Switch to llama-cpp-python

2025-08-08 21:40:15 +01:00 · 2025-08-08 21:40:15 +01:00 · d937f2d5fa
commit d937f2d5fa
parent ef7df1a8c3
25 changed files with 2957 additions and 1181 deletions
--- a/docs/imatrix_data.md
+++ b/docs/imatrix_data.md
@ -0,0 +1,115 @@
+# Importance Matrix (IMatrix) Data Guide
+
+An importance matrix guides quantisation by identifying critical weights that need protection. Like
+JPEG compression preserving detail in faces whilst compressing uniform backgrounds, the imatrix
+protects parameters that most affect output quality.
+
+At lower bit rates, imatrix-quantised models show 2-3% better perplexity scores overall, with larger
+gains in specific capabilities.

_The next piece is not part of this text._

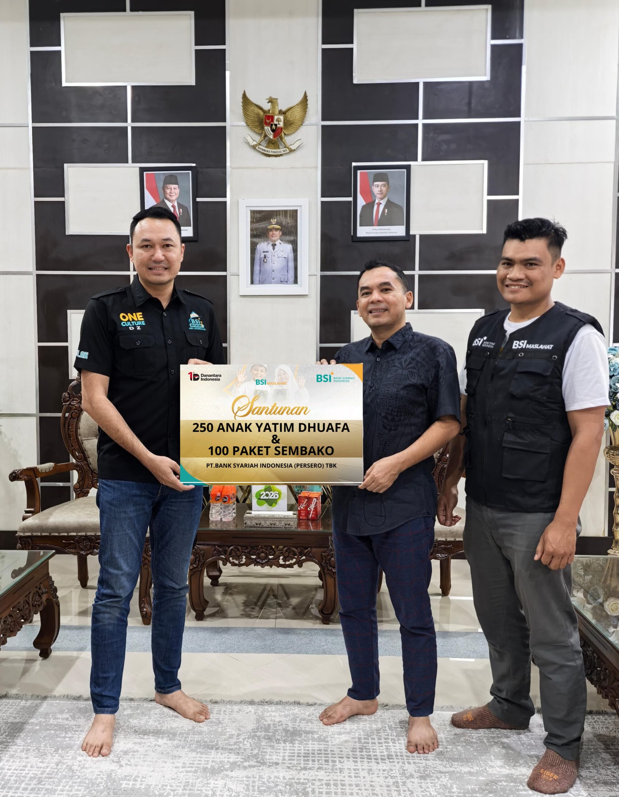 LHOKSUMAWE – Wali Kota Lhokseumawe, Dr. Sayuti Abubakar, S.H., M.H., menerima secara simbolis bantuan santunan bagi 250 anak yatim dhuafa serta 100 paket sembako dari Bank Syariah Indonesia (BSI) Area Lhokseumawe.

A Q3_K model without imatrix might lose technical vocabulary or
+rare language handling, whilst with imatrix it retains these abilities – the difference between
+simple size reduction and intelligent compression.
+
+1. [The Art of Calibration Data](#the-art-of-calibration-data)
+2. [Finding Pre-computed Matrices](#finding-pre-computed-matrices)
+3. [Creating Your Own Matrix](#creating-your-own-matrix)
+4. [Resource Requirements and Optimisation](#resource-requirements-and-optimisation)
+5. [Integration and Workflow](#integration-and-workflow)
+6. [Future Developments](#future-developments)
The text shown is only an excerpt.